DIRECTIONS. Among the lines of data below, reproduce only those from the one with "Теперь приготовим соус." through the one with "黄色部分是对人物主体的进一步修饰,以便 AI 能读懂人类希望绘制出的是一个漂亮写实的女性;", exactly as they stand, both ends included.

DATA SUPPLIED.
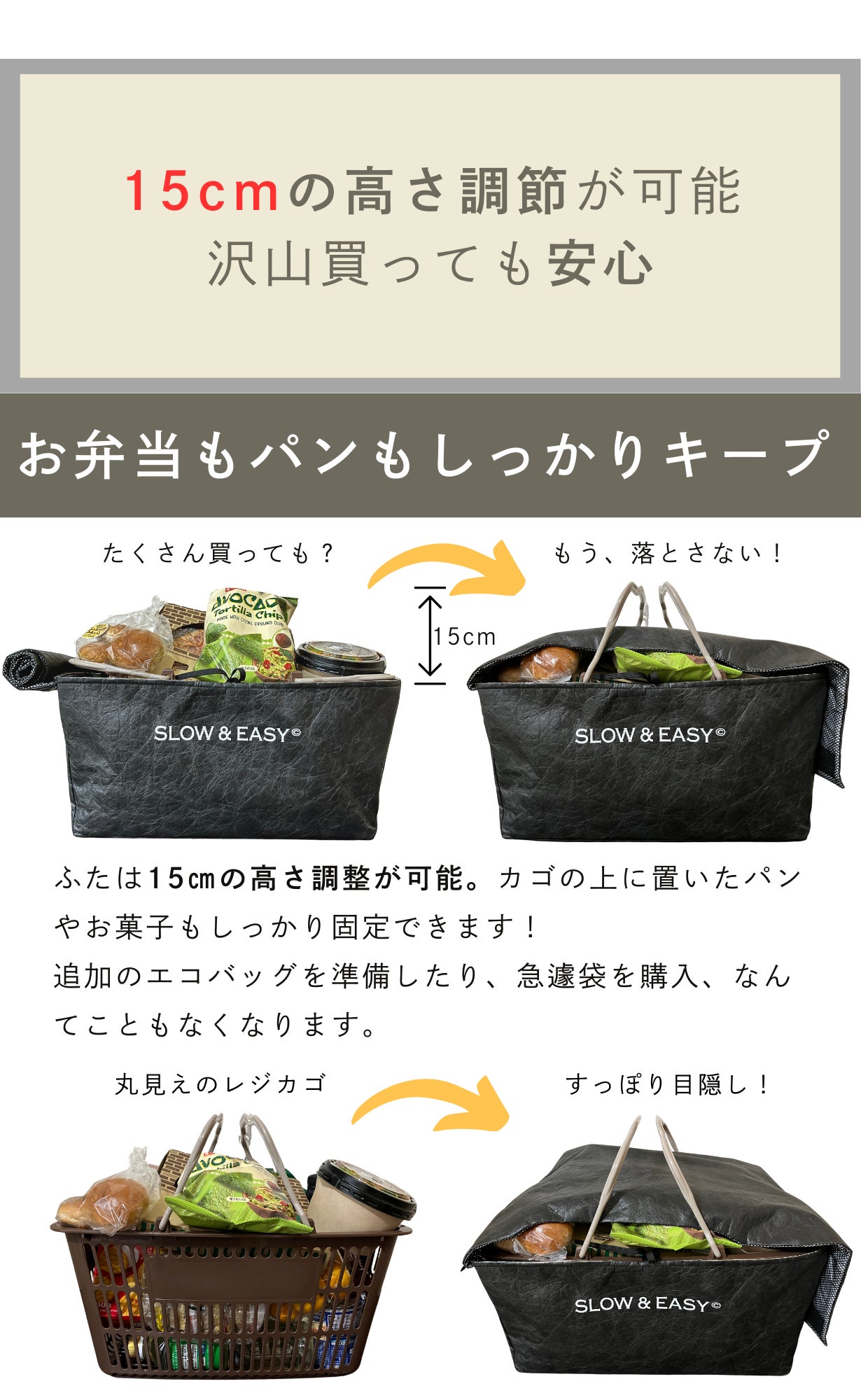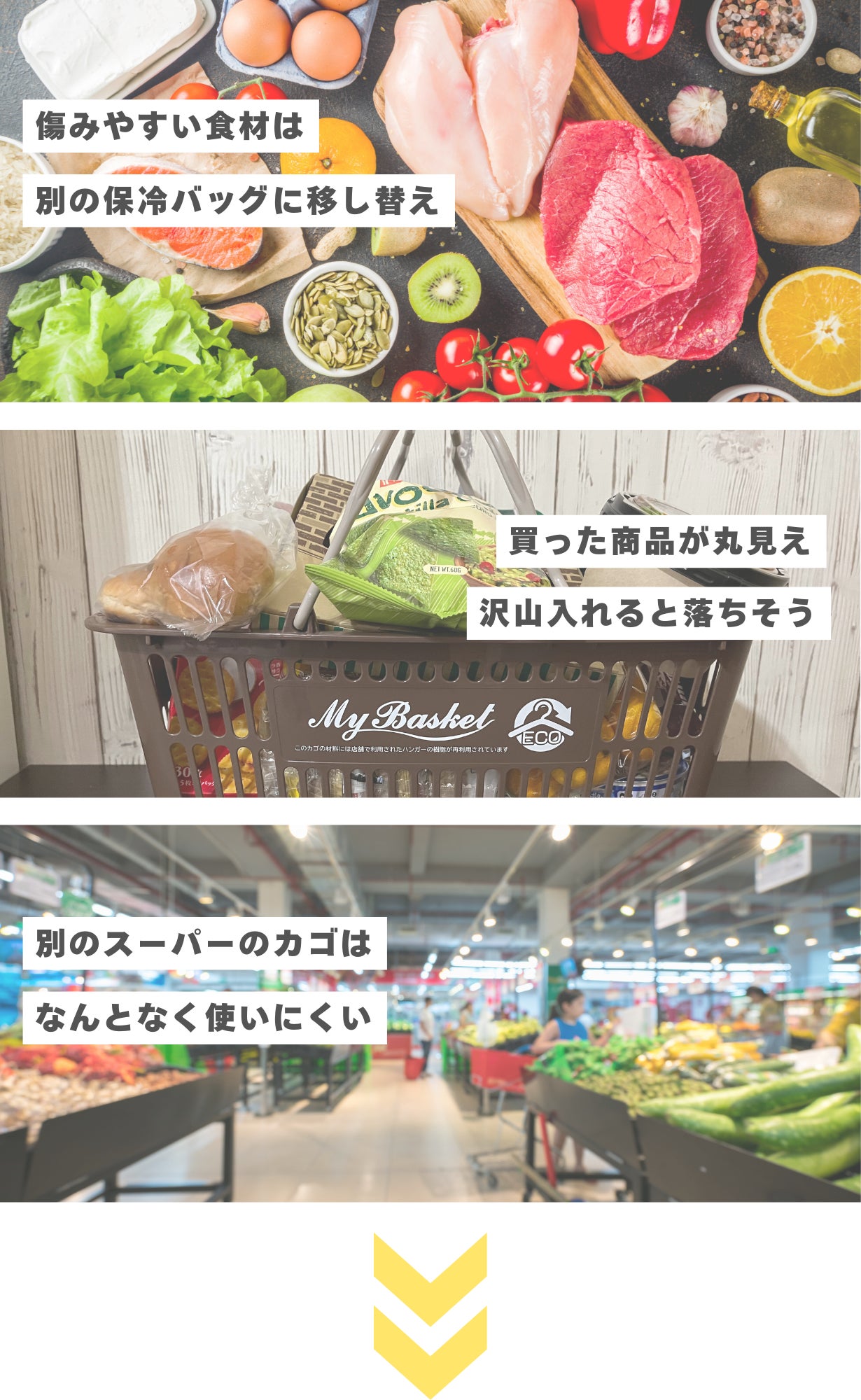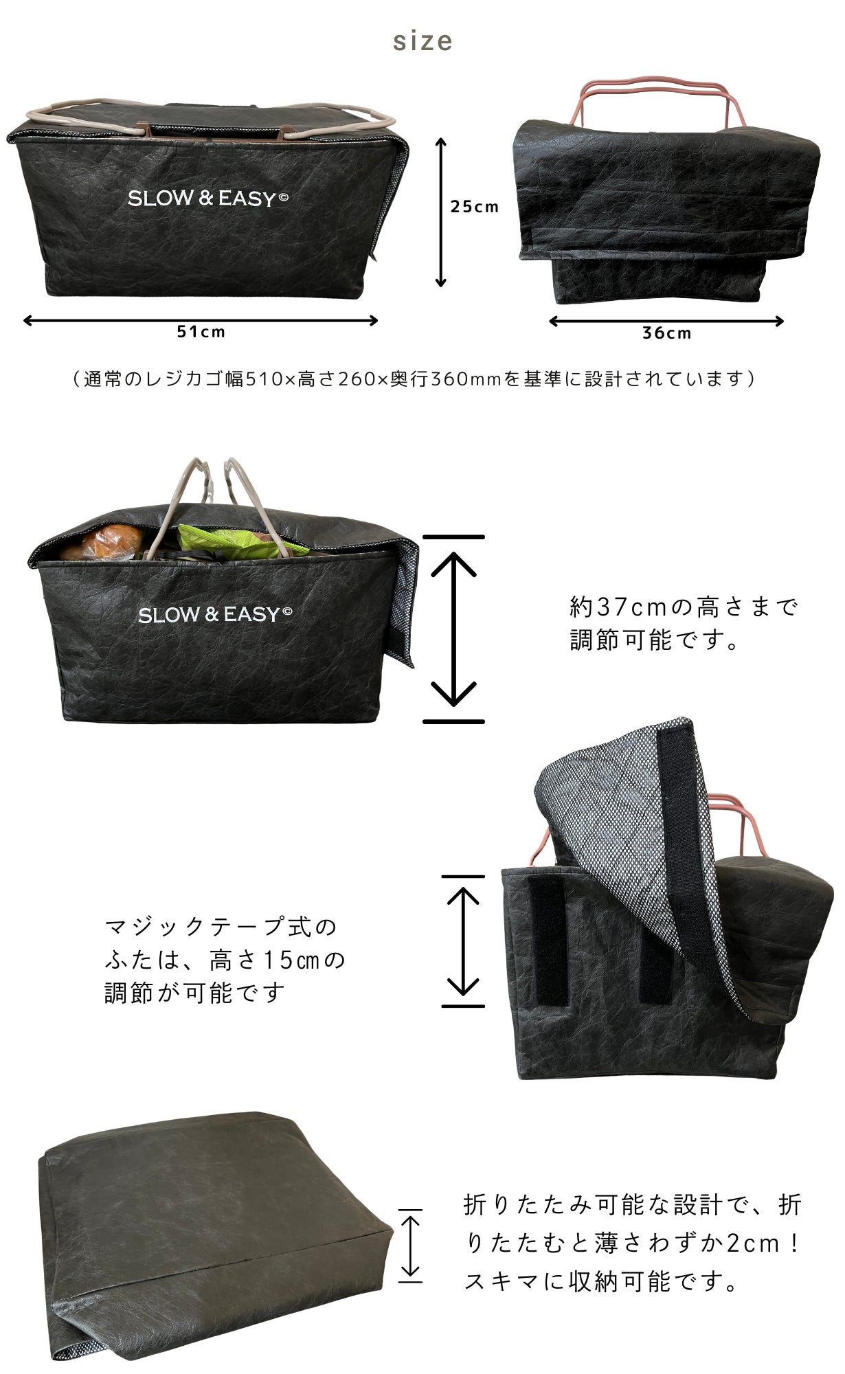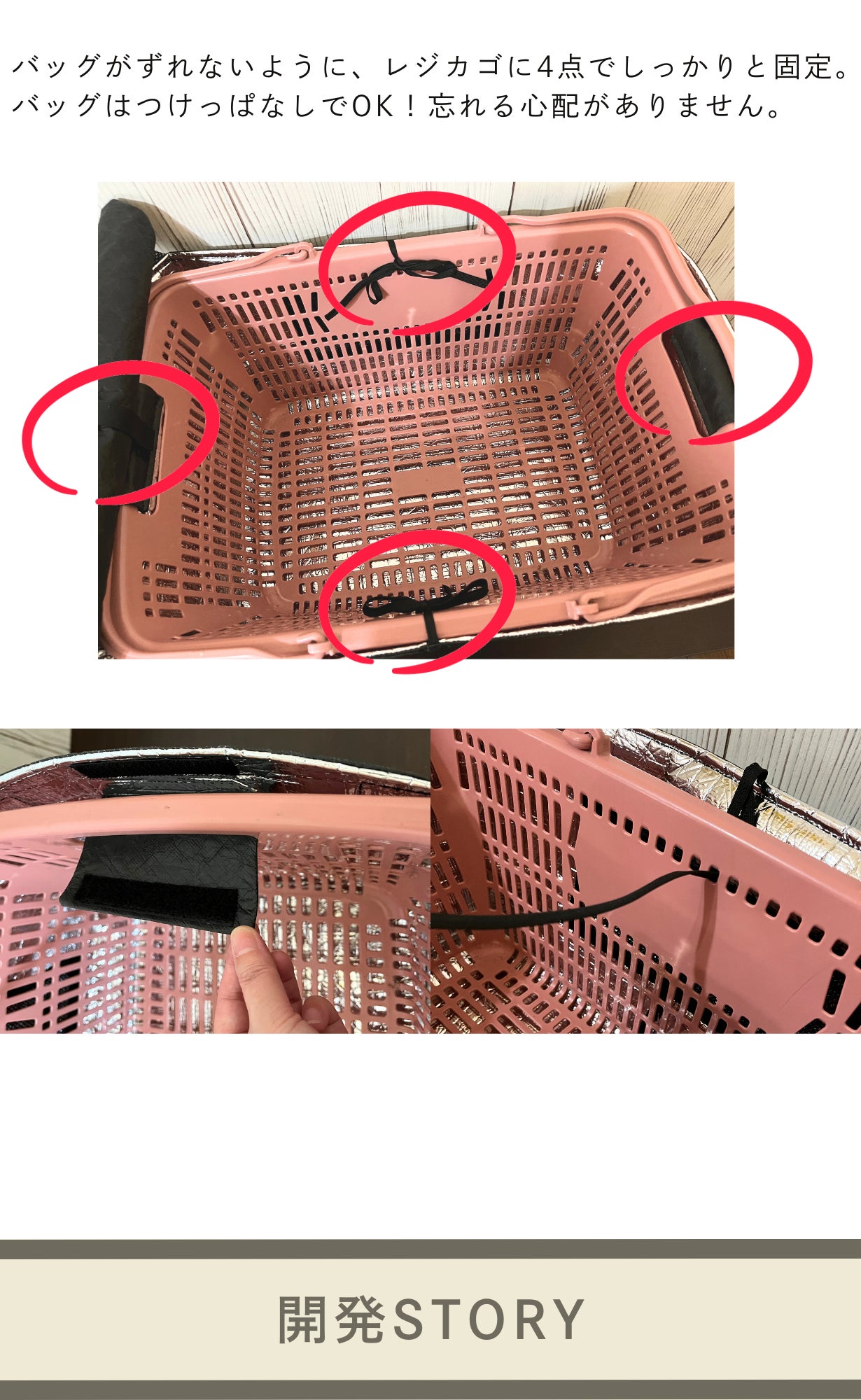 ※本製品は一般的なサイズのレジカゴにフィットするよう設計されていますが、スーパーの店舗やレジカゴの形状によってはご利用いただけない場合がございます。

---

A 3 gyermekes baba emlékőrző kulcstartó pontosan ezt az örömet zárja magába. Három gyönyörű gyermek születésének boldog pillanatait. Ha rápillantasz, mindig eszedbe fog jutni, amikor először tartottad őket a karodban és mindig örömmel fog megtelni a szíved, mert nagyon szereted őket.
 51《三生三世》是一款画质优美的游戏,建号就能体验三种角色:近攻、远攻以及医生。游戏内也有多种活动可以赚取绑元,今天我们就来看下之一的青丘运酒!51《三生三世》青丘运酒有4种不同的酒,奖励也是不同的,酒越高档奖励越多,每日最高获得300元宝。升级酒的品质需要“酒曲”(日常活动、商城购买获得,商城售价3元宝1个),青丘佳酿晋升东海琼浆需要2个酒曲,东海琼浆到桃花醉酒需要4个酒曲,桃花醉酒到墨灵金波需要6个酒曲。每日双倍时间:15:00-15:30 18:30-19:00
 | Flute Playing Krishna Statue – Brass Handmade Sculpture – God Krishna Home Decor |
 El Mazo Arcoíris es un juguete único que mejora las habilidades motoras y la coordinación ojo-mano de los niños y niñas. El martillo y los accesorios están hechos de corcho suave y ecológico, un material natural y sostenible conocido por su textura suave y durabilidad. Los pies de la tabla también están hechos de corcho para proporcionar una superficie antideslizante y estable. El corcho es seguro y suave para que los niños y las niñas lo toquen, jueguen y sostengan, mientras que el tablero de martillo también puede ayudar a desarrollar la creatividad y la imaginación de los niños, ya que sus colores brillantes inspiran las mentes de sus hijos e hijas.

--

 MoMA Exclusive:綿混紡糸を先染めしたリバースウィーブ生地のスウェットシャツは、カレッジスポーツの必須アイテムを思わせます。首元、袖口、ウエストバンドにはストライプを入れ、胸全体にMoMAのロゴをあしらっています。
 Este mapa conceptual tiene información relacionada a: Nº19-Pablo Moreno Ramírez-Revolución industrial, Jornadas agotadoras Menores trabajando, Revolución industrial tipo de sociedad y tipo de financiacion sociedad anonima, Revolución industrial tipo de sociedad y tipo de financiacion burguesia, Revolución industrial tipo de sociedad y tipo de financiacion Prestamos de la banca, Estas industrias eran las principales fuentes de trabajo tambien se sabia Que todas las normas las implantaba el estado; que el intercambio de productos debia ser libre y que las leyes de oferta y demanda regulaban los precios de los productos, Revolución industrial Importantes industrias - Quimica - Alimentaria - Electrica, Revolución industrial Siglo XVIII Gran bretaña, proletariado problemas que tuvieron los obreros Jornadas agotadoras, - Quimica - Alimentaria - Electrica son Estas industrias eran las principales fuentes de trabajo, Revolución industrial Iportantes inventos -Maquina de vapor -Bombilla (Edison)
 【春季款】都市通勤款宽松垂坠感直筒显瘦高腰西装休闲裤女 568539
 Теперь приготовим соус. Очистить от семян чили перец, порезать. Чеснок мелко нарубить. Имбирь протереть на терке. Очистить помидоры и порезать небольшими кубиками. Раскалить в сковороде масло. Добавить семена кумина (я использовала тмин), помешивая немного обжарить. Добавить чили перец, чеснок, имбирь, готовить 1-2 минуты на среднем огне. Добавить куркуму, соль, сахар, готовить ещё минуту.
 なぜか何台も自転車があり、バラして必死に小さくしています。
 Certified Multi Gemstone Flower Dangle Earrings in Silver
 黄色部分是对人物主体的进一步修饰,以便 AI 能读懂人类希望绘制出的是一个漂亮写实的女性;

EXERCISE OUTPUT.
 Теперь приготовим соус. Очистить от семян чили перец, порезать. Чеснок мелко нарубить. Имбирь протереть на терке. Очистить помидоры и порезать небольшими кубиками. Раскалить в сковороде масло. Добавить семена кумина (я использовала тмин), помешивая немного обжарить. Добавить чили перец, чеснок, имбирь, готовить 1-2 минуты на среднем огне. Добавить куркуму, соль, сахар, готовить ещё минуту.
 なぜか何台も自転車があり、バラして必死に小さくしています。
 Certified Multi Gemstone Flower Dangle Earrings in Silver
 黄色部分是对人物主体的进一步修饰,以便 AI 能读懂人类希望绘制出的是一个漂亮写实的女性;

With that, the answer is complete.